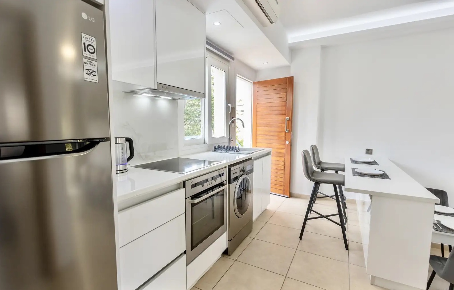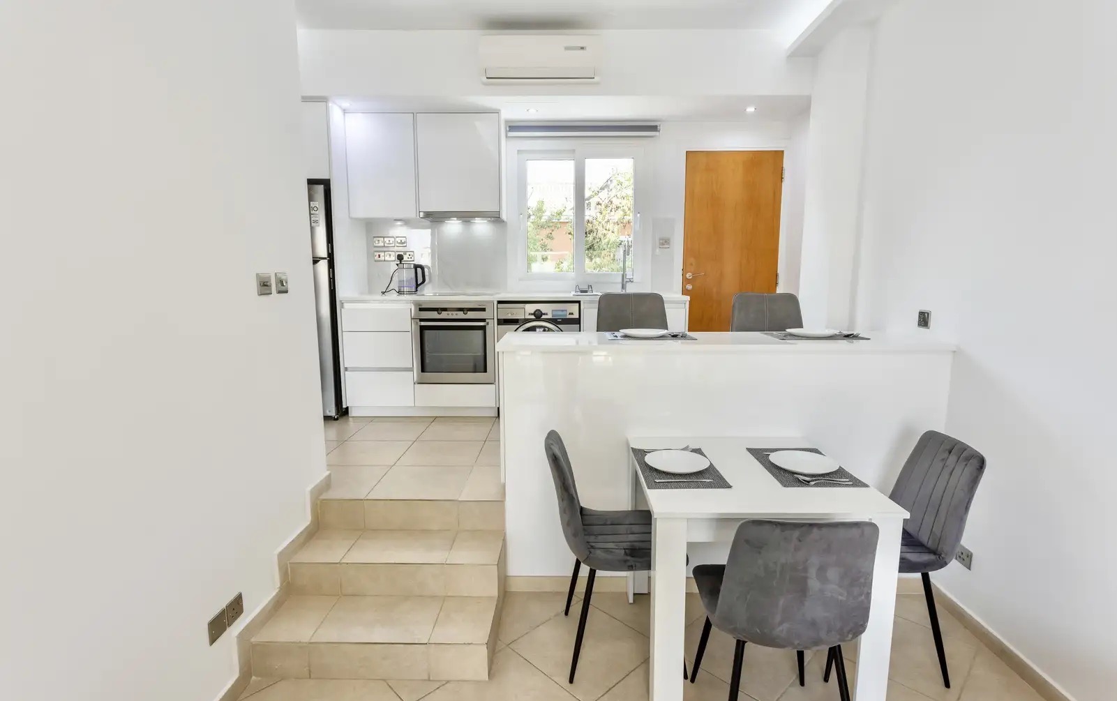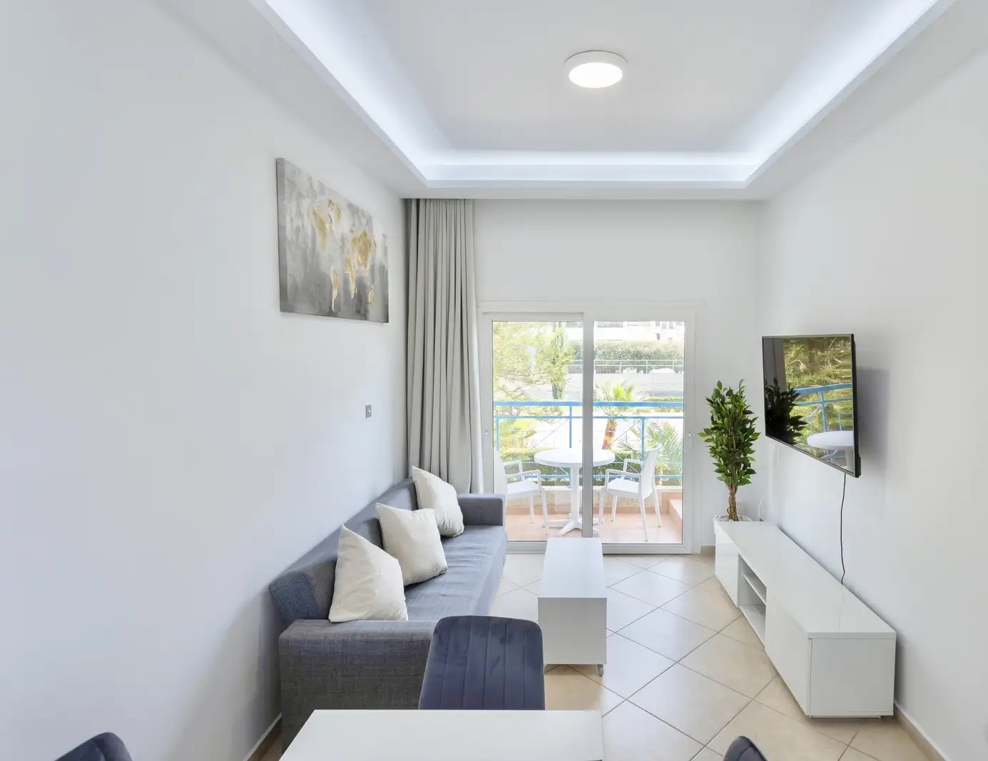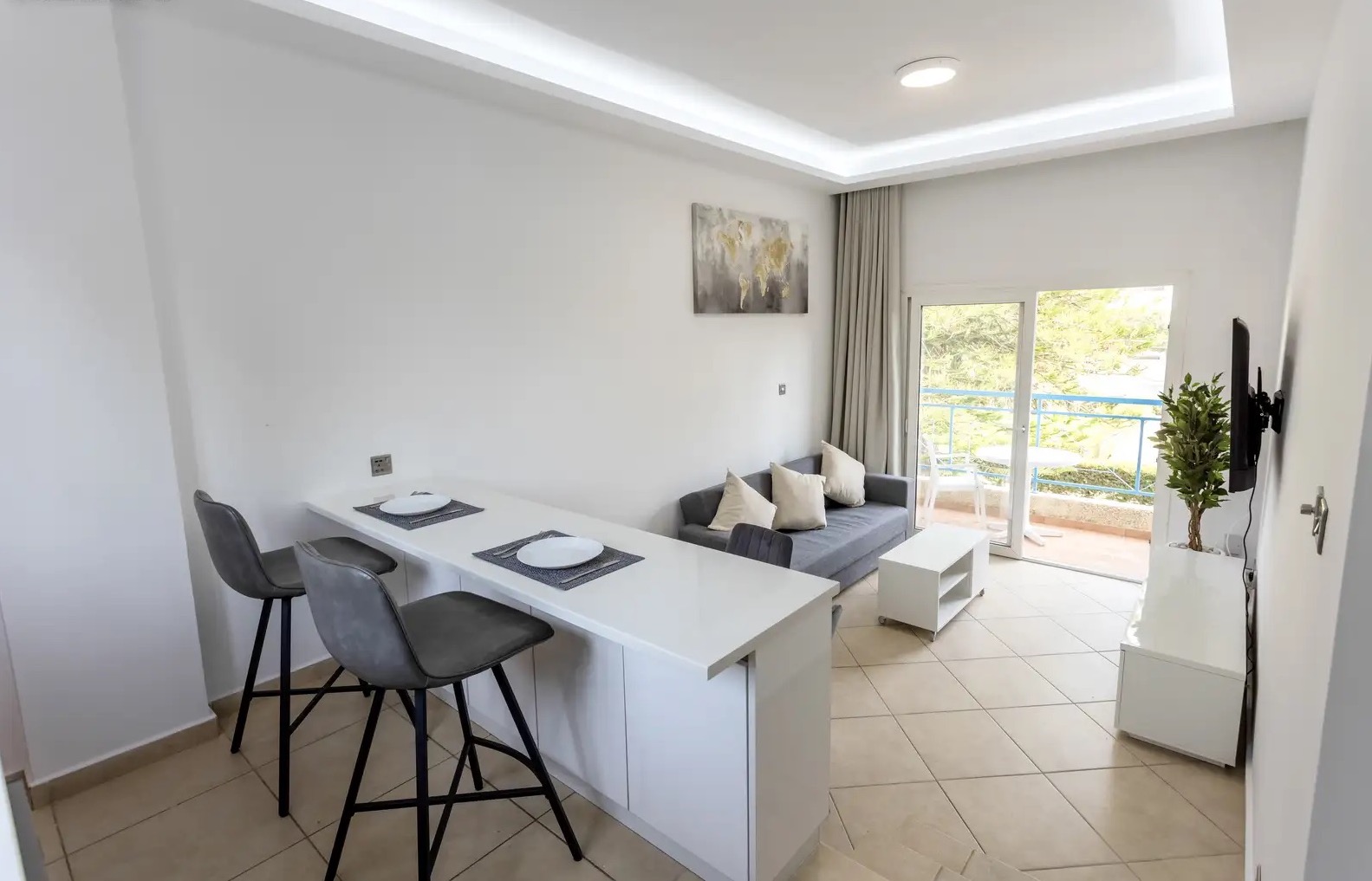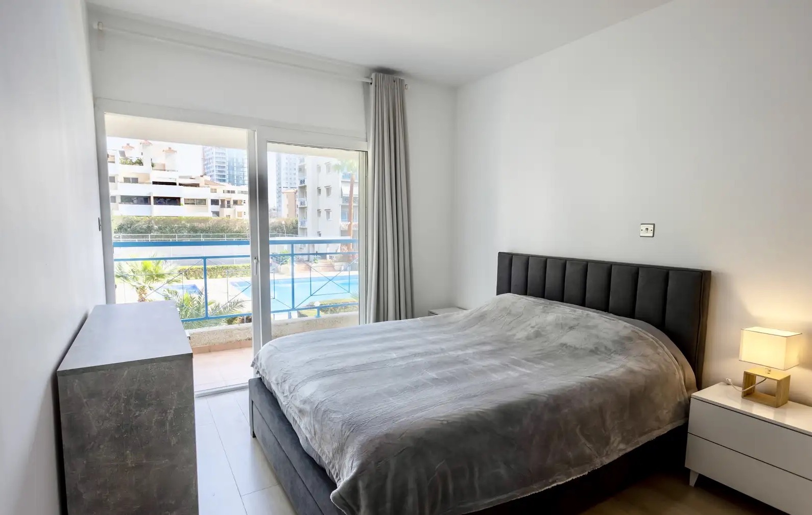 One-bedroom apartment of 51 m2 for rent in Potamos Germasogeias area, Limassol city. The apartments include one bedroom, one bathroom, an open-plan kitchen, a living room and a balcony overlooking the manicured garden. The apartment is fully furnished and equipped with household appliances, including modern kitchen appliances, a 55" Smart TV, air conditioning in all rooms and high-speed Internet. The property is located in a gated community with two swimming pools, a tennis court, a barbecue area and greenery. Nearby there is a Metro supermarket, Del Mar and Sky Tower skyscrapers, pharmacies, restaurants, bars and other infrastructure facilities. The price includes a parking space.
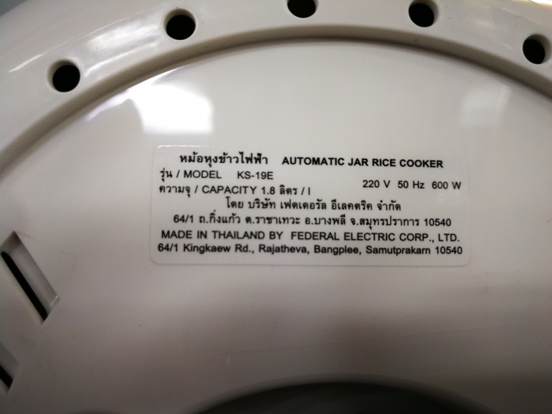 - กำลังไฟฟ้าเข้า ขณะหุง 600 วัตต์
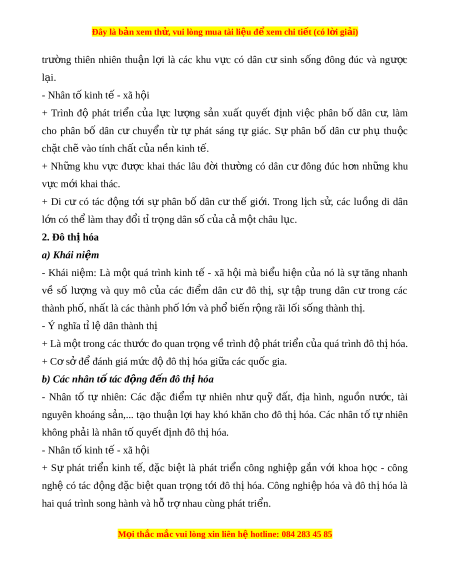 Đây là bản xem th , vu ử i lòng mua tài li u ệ đ xe ể m chi ti t ế (có l i ờ gi i ả ) trư ng ờ thiên nhiên thu n ậ l i ợ là các khu v c ự có dân cư sinh s ng ố đông đúc và ngư c ợ l i ạ . - Nhân tố kinh t - ế xã h i ộ + Trình độ phát tri n ể c a ủ l c ự lư ng ợ s n ả xu t ấ quy t ế đ nh ị vi c ệ phân bố dân c , ư làm cho phân bố dân cư chuy n
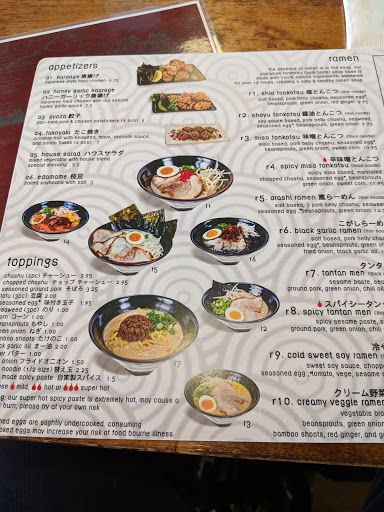 I am in love with Arashi. Every ramen bowl on the menu is amazing. The fried chicken is to die for. That honey glaze!!! Oh man, so good. The service is super quick and the staff is very kind. I am so excited to have this place in my neighborhood.

**Problem description**
Your task is to copy word for word the lines from the line containing "Đây là bản xem" to the end of the listing, both included, and to drop any pictures.

**Response below**
 Đây là bản xem th , vu ử i lòng mua tài li u ệ đ xe ể m chi ti t ế (có l i ờ gi i ả ) trư ng ờ thiên nhiên thu n ậ l i ợ là các khu v c ự có dân cư sinh s ng ố đông đúc và ngư c ợ l i ạ . - Nhân tố kinh t - ế xã h i ộ + Trình độ phát tri n ể c a ủ l c ự lư ng ợ s n ả xu t ấ quy t ế đ nh ị vi c ệ phân bố dân c , ư làm cho phân bố dân cư chuy n
 I am in love with Arashi. Every ramen bowl on the menu is amazing. The fried chicken is to die for. That honey glaze!!! Oh man, so good. The service is super quick and the staff is very kind. I am so excited to have this place in my neighborhood.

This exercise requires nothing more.